Robert Eggers’ (the Tell-Tale Heart, 2008) movie is set in the early 1600’s with a new England farming family, headed by the farmer husband and father (Ralph Ineson, Intruders, 2011), a man of strong religious views, are banished, for religious reasons from the community they live in.  Needing to build a new life for the family, they settle down a couple of days away from the town and build a new existence for themselves. Life is hard and the family is struggling to make an income in the harsh New England countryside.

As hard as life is, it still goes on. Each member of the family has their position and duties accordingly. And this is where the film works. The movie draws on the folklore of ththe-witche early New England settlers as they came to terms with the new land, the strange surroundings and the natural fears and superstitions of life at this time.

There is an under lying tension within the family, As the father and mother (Kate Dickie, Red Road 2006) struggle to make a success of their little farmstead, the children also have responsibilities and duties. It is to this background that things start to happen. The two oldest children are of an age where the tensions of hormonal changes are coming into play, most especially for the son, who is becoming aware of himself, so to speak. One day while taking care of the youngest child, the oldest, Thomasin, (Anya Taylor-Joy, Viking Quest, 2015) loses her, but only after taunting the middle daughter, Mercy (about witches and saying she was one). This of course leads to all sorts of implications. The Son, Caleb (Harvey Scrimshaw, Oranges and Sunshine, 2010, a person who could have a bright future ahead of him) is caught in the middle of this and goes to find his little sister, only to make things worse.

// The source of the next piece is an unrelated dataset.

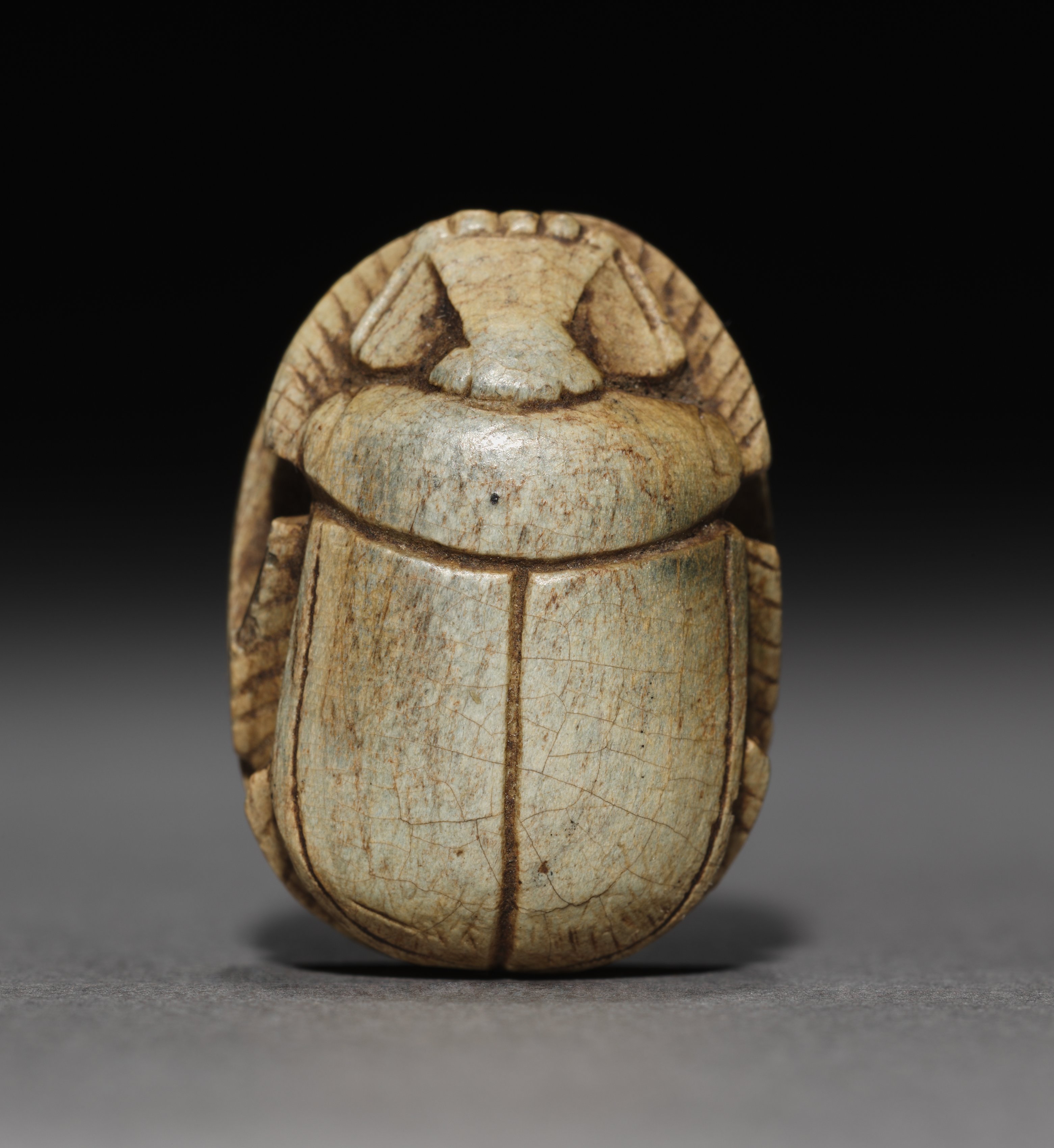 Light brown and beige stone scarab with a rounded body, divided into sections by engraved lines. The top section features a smaller rounded dome with a short, thick protrusion. The scarab has a flat base. The background fades from black to gray. The image is titled 'Scarab'.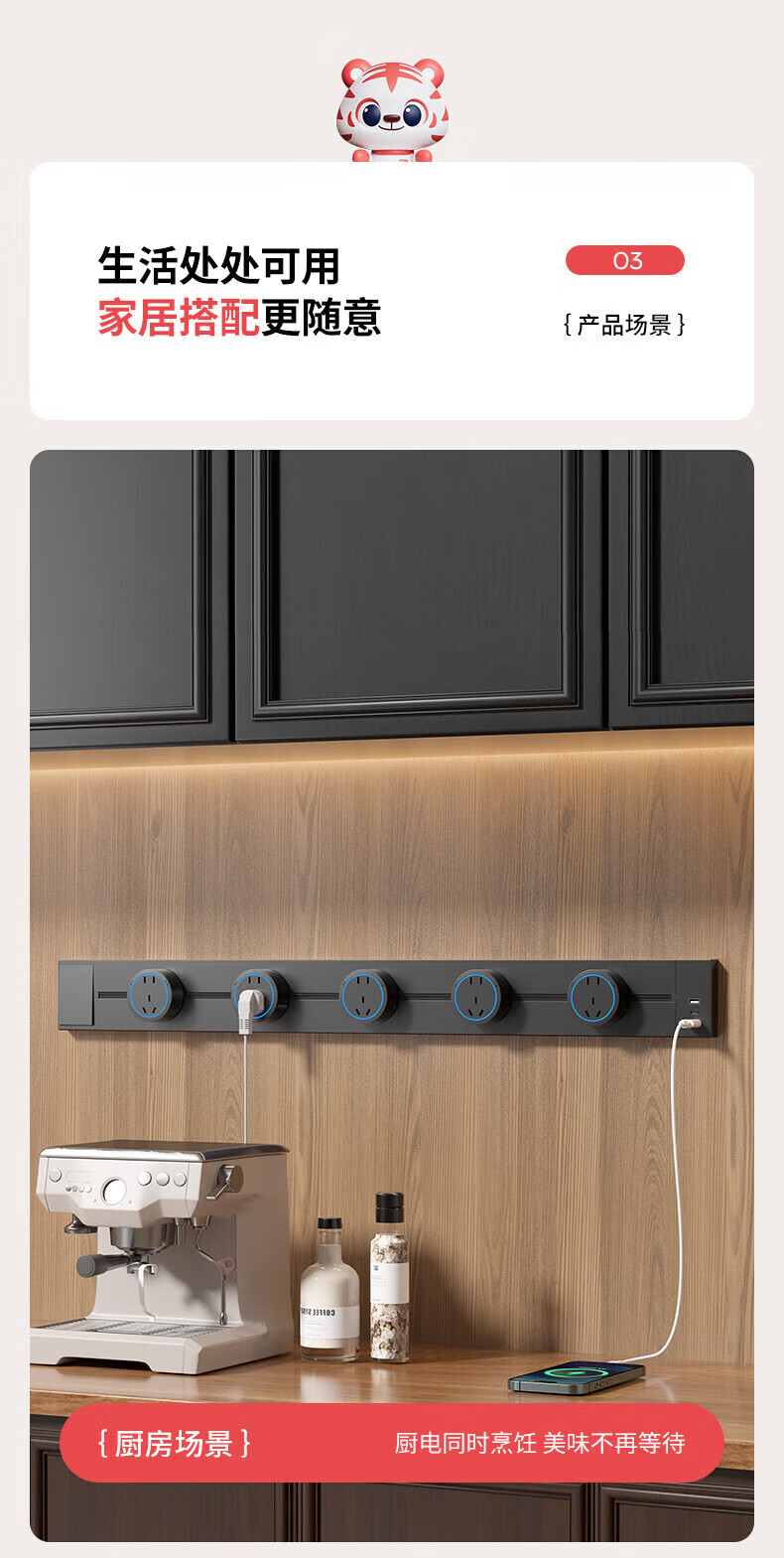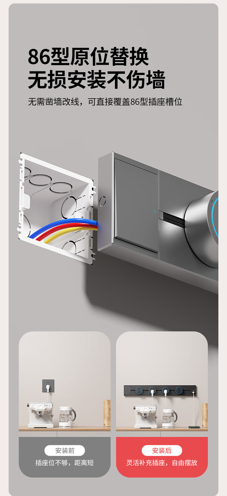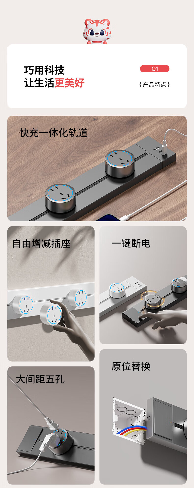 国际电工可移动快充轨道插座大间距明装滑动电力导轨家用餐边柜滑轨排插 灰色【快充U/C】带总控-30厘米+2个大五孔

The days following the disappearance of the child are tense ones, made all the more tense by the otherwise mundane arguments and struggles of life, which are blown-up in the tensions of the struggles.  Eventually things are said and accusations are made, Did Thomasin do something to her little sister, did an animal take her or did the [ubiquitous] with in the woods take her?

As we are drawn in to this struggle, the tension mounts, but then we are introduced to a new element, the witch herself, it turns out there is a witch in the woods, who might actually have taken the child.

Over the next while the presence of the witch is hinted at and explored at first, but then takes a larger part of the story-line, especially with the use of the family mail goat as a familiar, who might actually be the devil.  The last act or so of the film is an old fashioned blood and gore horror segment which needless to say culminates in the great showdown. This final denouement  (and yes any denouement should be final…) is to me the lessor event.  As the tensions in the household mounts and events begin to take their toll, the children are taken over and possessed, with young Caleb especially affected. This scene is one of the better ones of the film.

Now, let’s be clear; this is not the great horror movie people seem to think it is. It could have been, a nerve wrenching thriller playing on the fears and dangers hidden in the dark corners and damp ground, or it could have been an old fashioned horror with our heroes fighting the evil monster etc. Instead it tried to do both and so ultimately failed to succeed to the level it wanted. The acting by the younger actors in particular in first class, even if the character of the mother seemed a little over the top (more the character than the acting).

This is a good film, scoring a safe 3 stars, it could have been much more, if it decided to go one way or the other. Personally I would have liked a movie where we never say the protagonist, but only the fears, reactions and struggles of the family.